**ACTIVITY**
Your task is to reproduce, verbatim and without pictures, the lines from the opening of the listing through the line containing "tentando sair do".

**EXERCISE DATA**
########################################

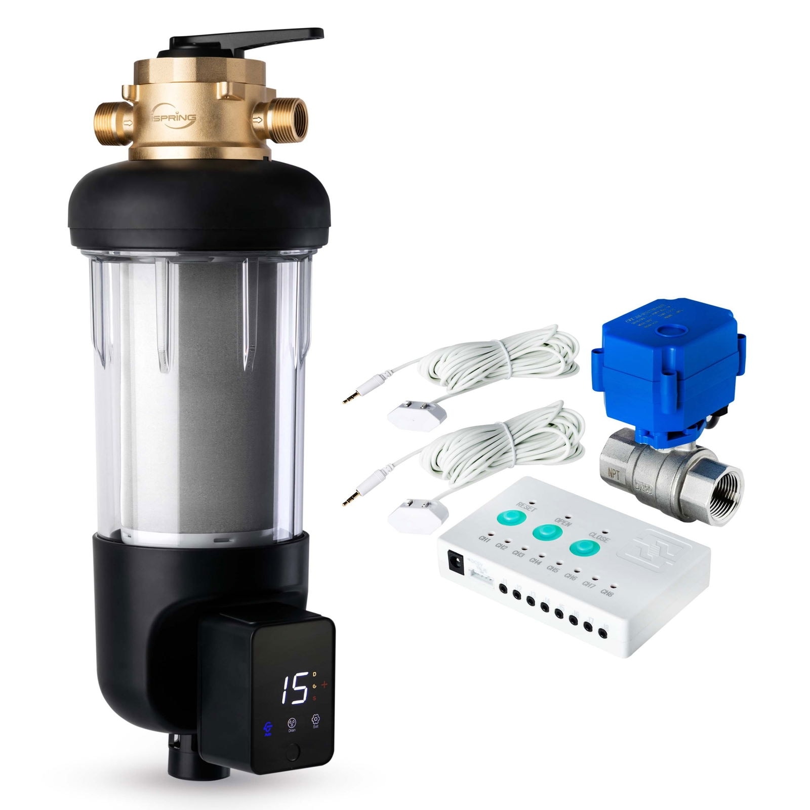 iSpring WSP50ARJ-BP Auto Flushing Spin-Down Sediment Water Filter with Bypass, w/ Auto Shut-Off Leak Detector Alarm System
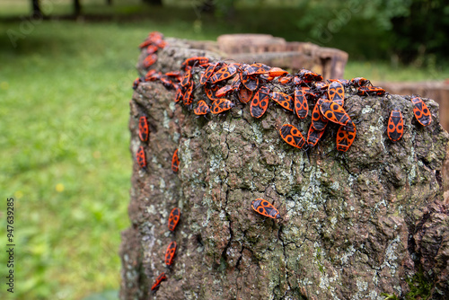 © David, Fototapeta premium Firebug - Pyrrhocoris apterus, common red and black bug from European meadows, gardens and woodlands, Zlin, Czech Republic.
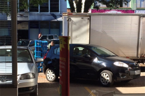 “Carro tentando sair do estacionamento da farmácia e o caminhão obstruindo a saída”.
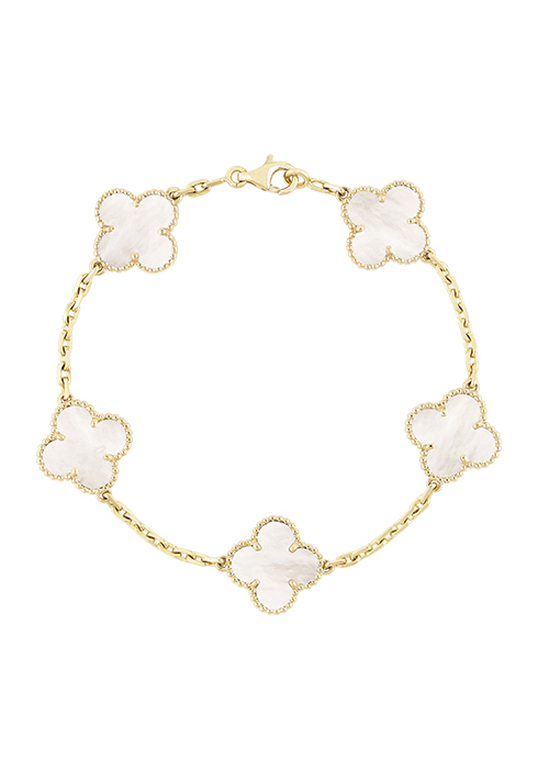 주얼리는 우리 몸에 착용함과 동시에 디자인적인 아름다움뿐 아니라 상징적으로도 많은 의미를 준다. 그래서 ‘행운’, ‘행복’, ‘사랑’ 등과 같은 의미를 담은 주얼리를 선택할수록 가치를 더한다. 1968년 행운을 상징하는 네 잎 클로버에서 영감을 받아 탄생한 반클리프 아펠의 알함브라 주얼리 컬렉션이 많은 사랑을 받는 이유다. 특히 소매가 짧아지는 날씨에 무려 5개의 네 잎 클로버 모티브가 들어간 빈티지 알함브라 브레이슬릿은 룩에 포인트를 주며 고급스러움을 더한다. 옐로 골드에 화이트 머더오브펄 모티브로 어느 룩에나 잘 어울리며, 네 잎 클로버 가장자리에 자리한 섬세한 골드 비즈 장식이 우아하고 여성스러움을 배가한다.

########################################

**SOLUTION TO THIS EXERCISE**
 iSpring WSP50ARJ-BP Auto Flushing Spin-Down Sediment Water Filter with Bypass, w/ Auto Shut-Off Leak Detector Alarm System
 © David, Fototapeta premium Firebug - Pyrrhocoris apterus, common red and black bug from European meadows, gardens and woodlands, Zlin, Czech Republic.
 “Carro tentando sair do estacionamento da farmácia e o caminhão obstruindo a saída”.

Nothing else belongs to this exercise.